Look through the entries below and copy exactly the part that begins with the line containing "Embodying charm and" and ends with the line containing "During the design". Do not copy the pictures.

■ Source material ■
════

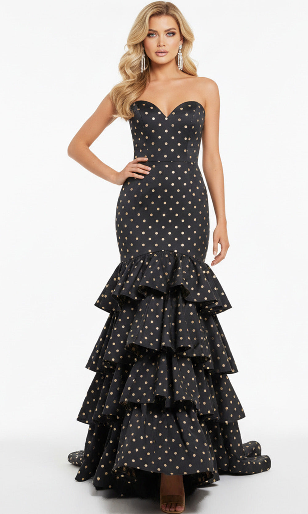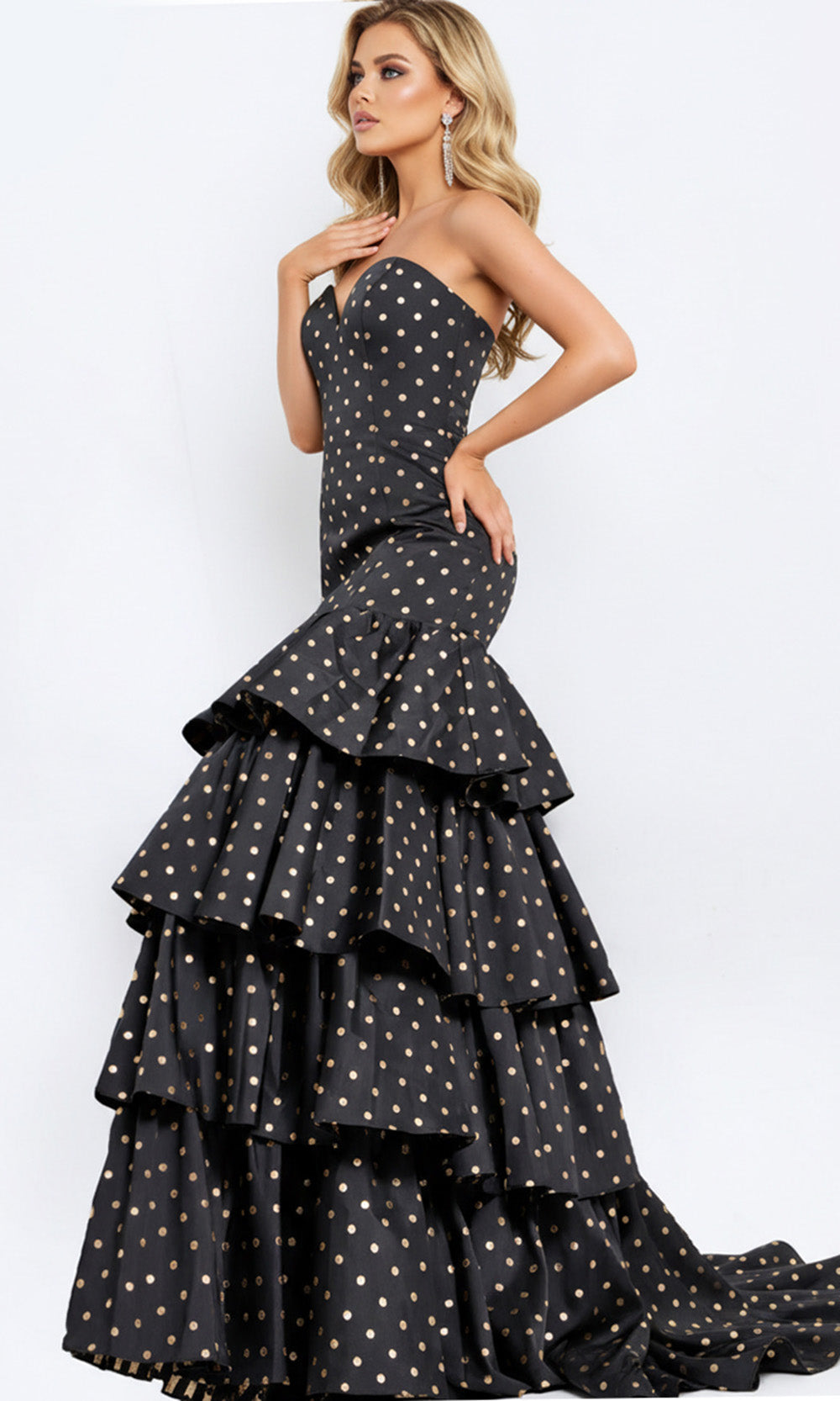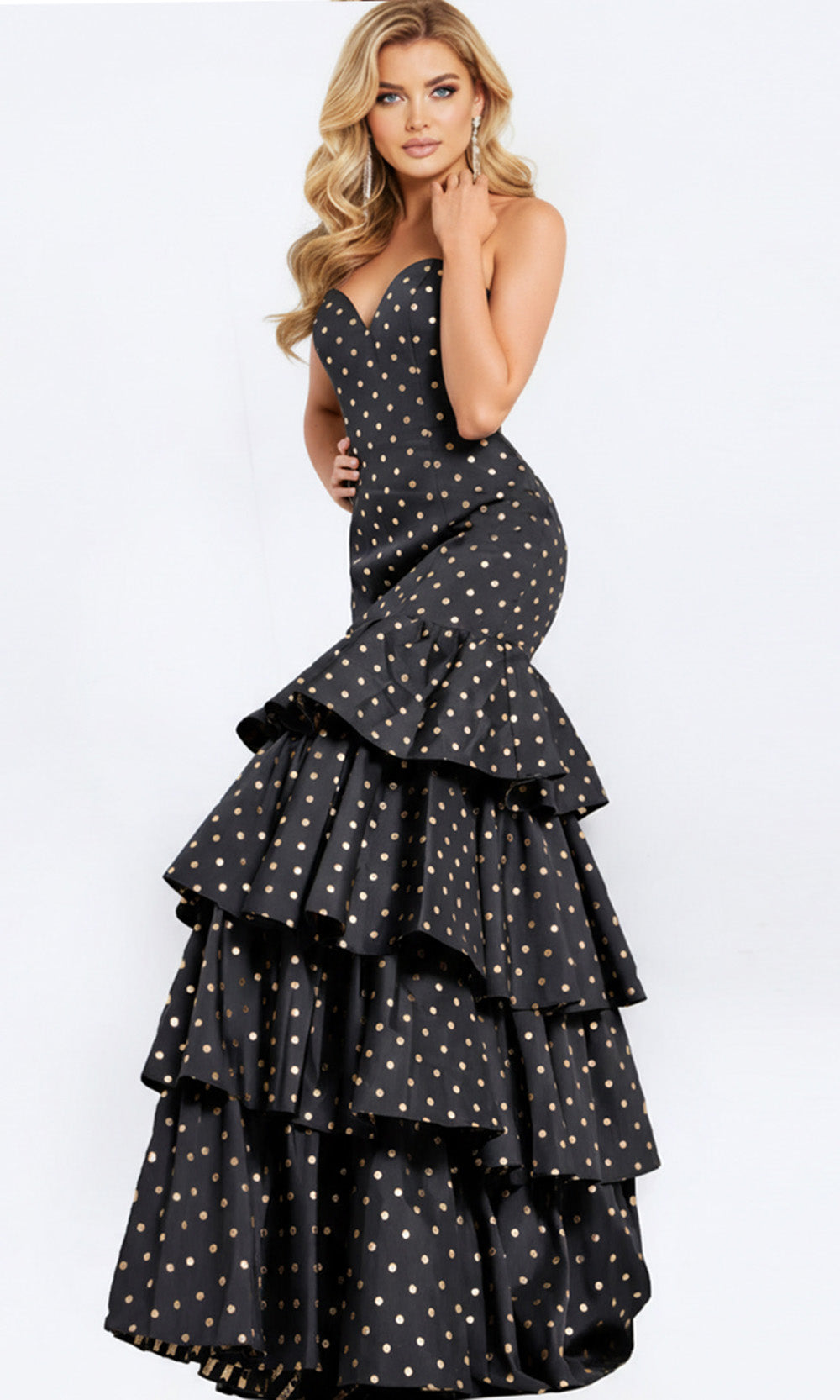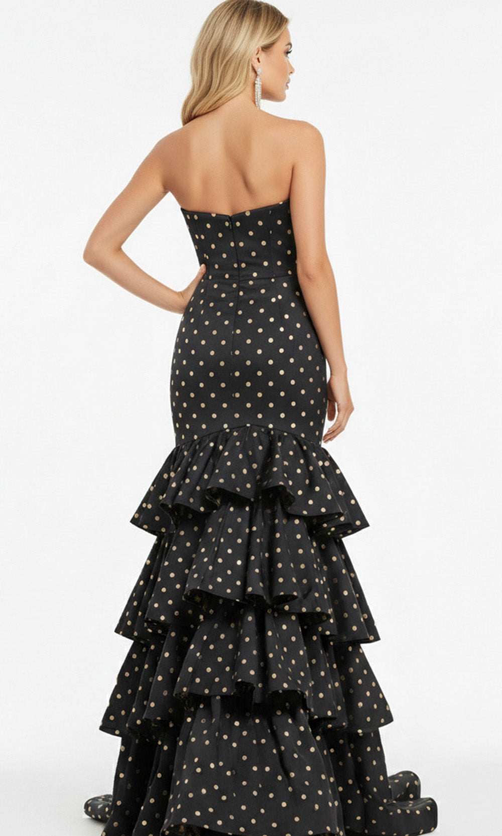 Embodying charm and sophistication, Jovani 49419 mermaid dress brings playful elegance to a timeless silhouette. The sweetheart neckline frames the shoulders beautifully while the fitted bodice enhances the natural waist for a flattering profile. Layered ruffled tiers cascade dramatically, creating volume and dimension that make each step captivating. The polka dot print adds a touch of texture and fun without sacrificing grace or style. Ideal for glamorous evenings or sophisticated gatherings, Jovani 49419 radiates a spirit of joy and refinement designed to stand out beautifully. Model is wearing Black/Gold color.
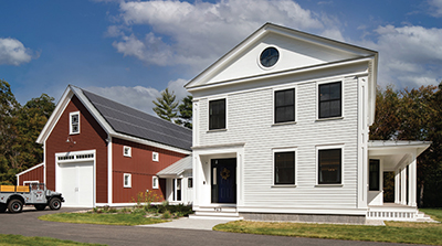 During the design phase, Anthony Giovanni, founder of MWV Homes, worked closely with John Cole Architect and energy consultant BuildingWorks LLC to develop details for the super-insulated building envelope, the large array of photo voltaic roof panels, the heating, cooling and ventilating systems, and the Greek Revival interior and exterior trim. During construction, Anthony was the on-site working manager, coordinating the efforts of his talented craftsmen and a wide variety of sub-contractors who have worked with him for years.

════

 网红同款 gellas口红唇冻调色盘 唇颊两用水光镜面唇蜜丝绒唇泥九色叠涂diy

════

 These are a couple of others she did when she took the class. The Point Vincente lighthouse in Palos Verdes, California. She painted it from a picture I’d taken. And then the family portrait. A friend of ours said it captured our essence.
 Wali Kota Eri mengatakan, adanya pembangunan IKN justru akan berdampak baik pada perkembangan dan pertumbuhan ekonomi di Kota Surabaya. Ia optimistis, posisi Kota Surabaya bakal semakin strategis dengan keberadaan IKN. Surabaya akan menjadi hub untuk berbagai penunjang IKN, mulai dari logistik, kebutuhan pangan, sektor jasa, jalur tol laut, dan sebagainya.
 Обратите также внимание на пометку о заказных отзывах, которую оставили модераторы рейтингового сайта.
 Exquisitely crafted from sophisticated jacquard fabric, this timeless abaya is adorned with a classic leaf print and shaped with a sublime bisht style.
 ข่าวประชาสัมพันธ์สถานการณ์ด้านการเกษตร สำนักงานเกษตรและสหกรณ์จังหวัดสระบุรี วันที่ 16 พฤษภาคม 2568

════

■ The completed task ■
 Embodying charm and sophistication, Jovani 49419 mermaid dress brings playful elegance to a timeless silhouette. The sweetheart neckline frames the shoulders beautifully while the fitted bodice enhances the natural waist for a flattering profile. Layered ruffled tiers cascade dramatically, creating volume and dimension that make each step captivating. The polka dot print adds a touch of texture and fun without sacrificing grace or style. Ideal for glamorous evenings or sophisticated gatherings, Jovani 49419 radiates a spirit of joy and refinement designed to stand out beautifully. Model is wearing Black/Gold color.
 During the design phase, Anthony Giovanni, founder of MWV Homes, worked closely with John Cole Architect and energy consultant BuildingWorks LLC to develop details for the super-insulated building envelope, the large array of photo voltaic roof panels, the heating, cooling and ventilating systems, and the Greek Revival interior and exterior trim. During construction, Anthony was the on-site working manager, coordinating the efforts of his talented craftsmen and a wide variety of sub-contractors who have worked with him for years.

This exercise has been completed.